The Degrees of the Scottish Rite Consistory
The Consistory Degrees are very different from all the preceding degrees. They attempt to illustrate the creation of the ideal balance between the spiritual and the temporal.
In the Orient of the District of Columbia, these degrees are conferred by Albert Pike Consistory.
31° – Inspector Inquisitor
The title of this Degree conveys the thoughts of self-examination. Every man, and more especially every Mason, should meditate prayerfully and soberly on his thoughts and acts of the day. The wrongs of today must not be repeated on the morrow, for each day should add some light and truth for our guidance for the next, and then as time goes by, our characters should be so far above reproach, so filled with the love of our fellowman, that the world would instinctively say: “There is a good man, for he is a Mason.” To correct the faults of others, to admonish with love and forbearance, is a duty we owe each other, but never to judge, for that is a divine prerogative alone.
32° – Master of the Royal Secret
In this degree the crowning point is reached by those who have studied and thought. The Royal Secret, like the occult science of the ancients, is concealed even here – but remember, “Faith begins where Reason sinks exhausted.” Magic, contrary to the belief of many, is but the absolute science of nature and its laws, hence the Star of Hope shines for us as truly as it did for the Wise Men of the East two thousand years ago. Today, as in the first days of the creation, the universal equilibrium still retains its predominant position in the eternal plan of the Omnipotent.

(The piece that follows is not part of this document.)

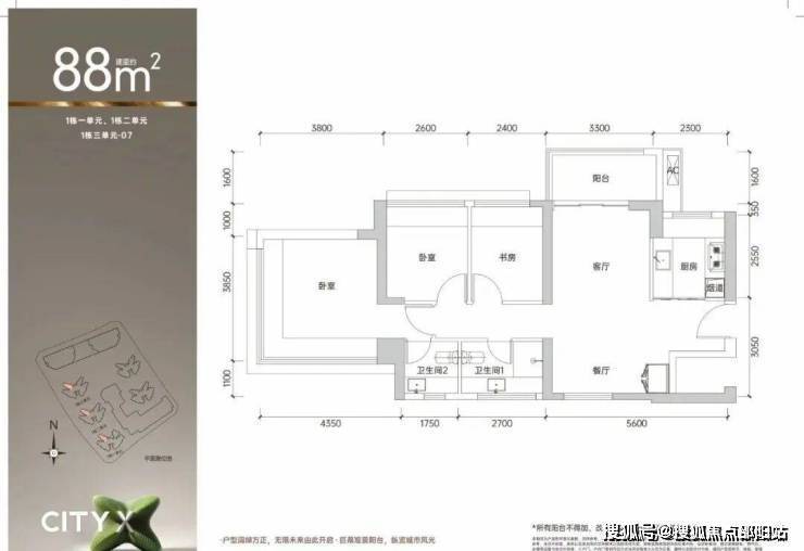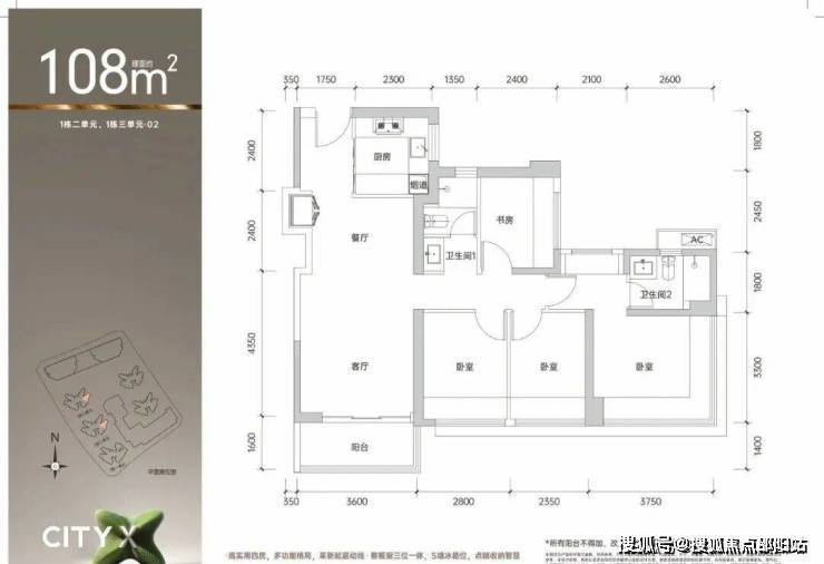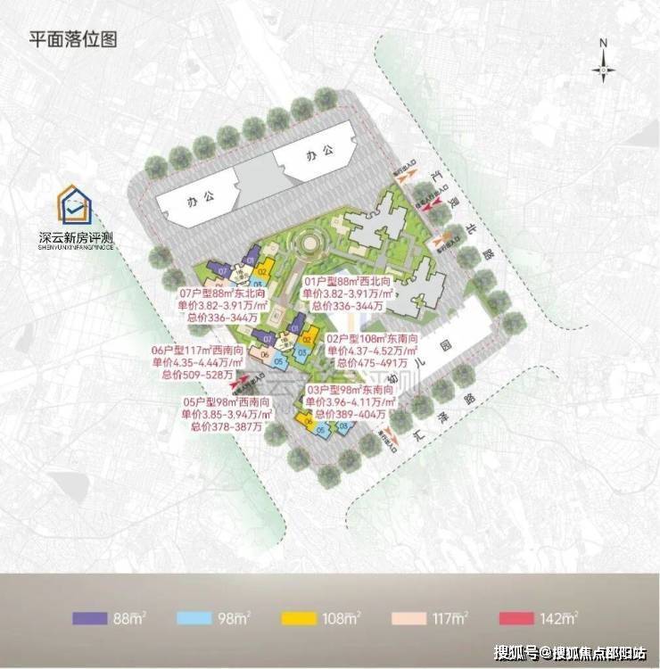 将推出1栋1/2/3单元,3栋1/2单元,共1566套房源,面积有88-98㎡的3房2厅2卫,108-117-143㎡的4房2厅2卫户型,4梯6户设计,本次首推1栋二单元,总共300多套!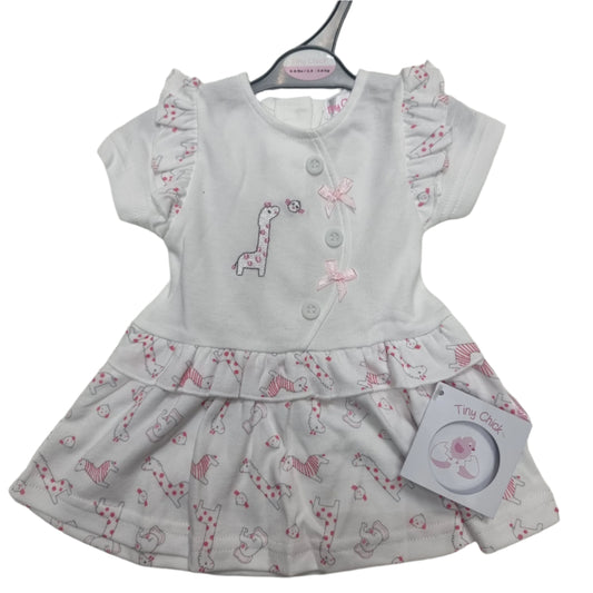 Tiny Chick Premature Baby Girls Dress with Bows - Giraffe

Good and evil, right and wrong, justice and mercy, attraction and repulsion balance each other to teach us to remember ourselves as immortal souls, retaining for each other respect and charity and remembering always that each is slowly climbing to that state of perfection, the final goal of all. “Be sovereign over yourself, be neither intoxicated by success nor depressed by defeat. You must not usurp in order to be enabled to punish usurpation nor must you hate error so much as not to love mankind.”